**YOUR ASSIGNMENT**
Whichever lines of the entries hold the word "Sema" should be identified and copied.

**GIVEN RECORDS**
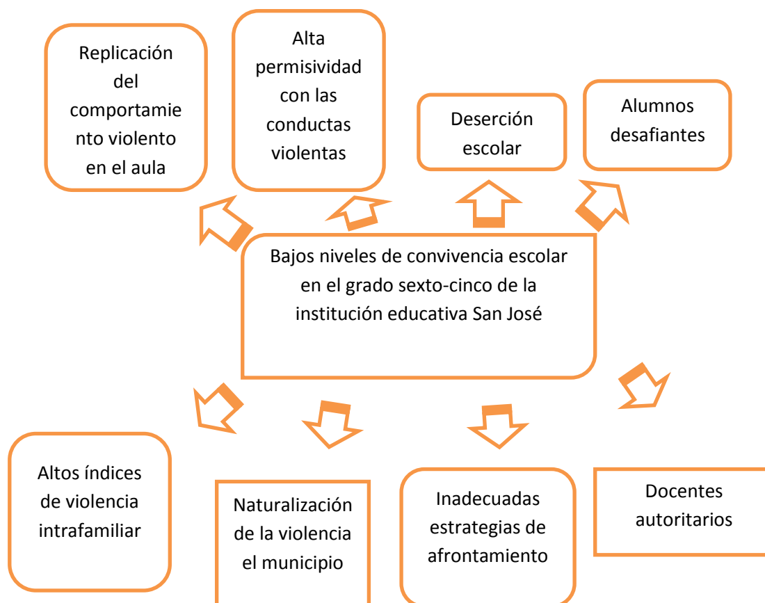
Ilustración 1 -Árbol de problemas

Se evidencia que los bajos niveles de la convivencia escolar en el grupo son multicausales, con razones como la violencia intrafamiliar de la cual pueden ser víctimas muchos de los estudiantes, la naturalización de la violencia en el municipio a causa del desplazamiento forzado, del imaginario machista instaurado por generaciones y demás, de las inadecuadas estrategias de afrontamiento tales como el consumo de sustancias psicoactivas y alcohol, la agresividad ante las desavenencias y diferencias, la poca tolerancia a la frustración y la baja capacidad empática frente a las dificultades de los compañeros y como última posible causa están los docentes autoritarios con escasas de estrategias pedagógicas innovadoras que le permitan a los jóvenes
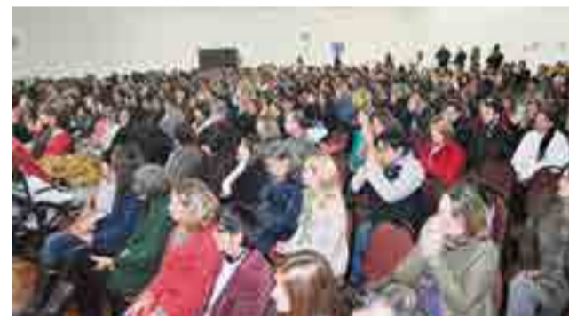
Aproximadamente 500 pessoas prestigiaram o Seminário da Luz
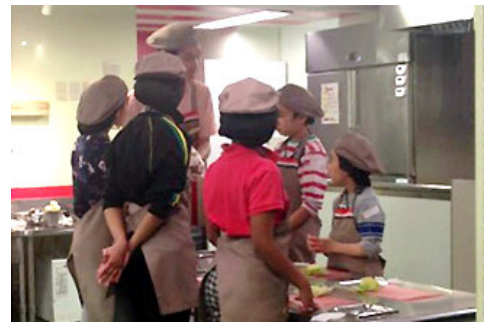
在KidZania收获满满的巴西中小小学生
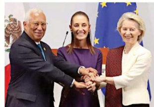
António Costa, presidente del Consejo Europeo, Claudia Sheinbaum y Ursula von der Leyen, presidenta de la Comisión Europea, firmaron el acuerdo global modernizado.
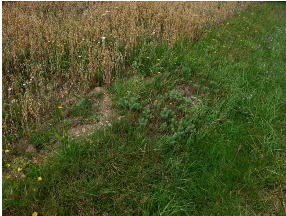
Abb. 3: Magerer Feldrain und Ackerrand bei Untergrünau
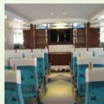
3.旅客室・イス席 (54名)
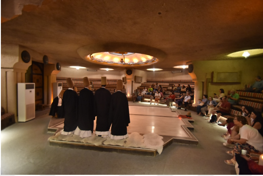
Fotoğraf 23. Sema töreni sonrasında turistlerin fotoğraf çekimi için müsaade edilme anı.

Alan çalışması ziyaret edilen ve kendilerinin ifadesiyle “Mevlevi Sema Seromonisi”ne katılım sağlanan Motif Kültür Merkezi’nin internet sayfasından Sema’nın uygulanışı hakkında aşağıdaki uzun alıntıyı yapmak yararlı olacaktır:
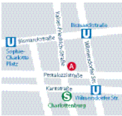
A Haus der Volkshochschule Pestalozzistraße 40/41
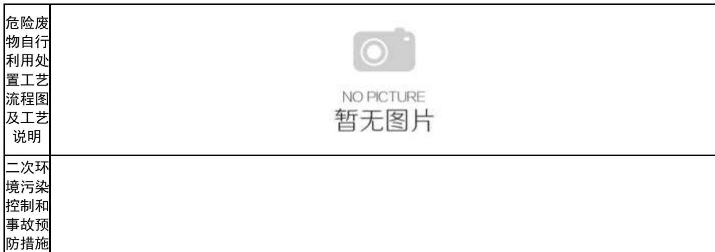
表 7 危险废物委托利用/处置措施（可另增页）
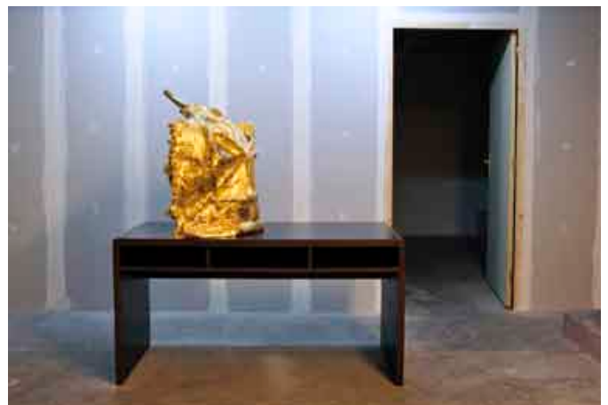
Sarah Fauguet & David Cousinard, Silent Rejection , 2010. Bois, acier, plâtre, feuilles d'or, placages. Dimensions variables. Vue de l'exposition L'État de surface , Instants Chavirés (Montreuil).
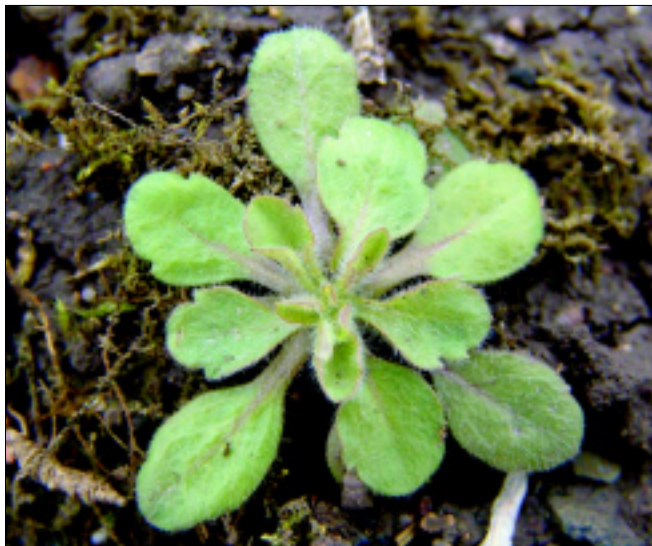
Obr. 4. Klíčící rostlina turanky kanadské

Turan roční je typickým druhem úhorů a pustých míst, jako plevel je častý ve školkách dřevin, nalézt jej však můžeme i ve víceletých pícninách. V jižnějších částech Evropy často na úhorrech dominuje. Velmi dobře snáší sucho, daří se mu tedy i na vysychavých, lehkých písčitých půdách, v teplejších oblastech státní je již poměrně hojný.

**COMPLETED EXERCISE**
Fotoğraf 23. Sema töreni sonrasında turistlerin fotoğraf çekimi için müsaade edilme anı.
Alan çalışması ziyaret edilen ve kendilerinin ifadesiyle “Mevlevi Sema Seromonisi”ne katılım sağlanan Motif Kültür Merkezi’nin internet sayfasından Sema’nın uygulanışı hakkında aşağıdaki uzun alıntıyı yapmak yararlı olacaktır:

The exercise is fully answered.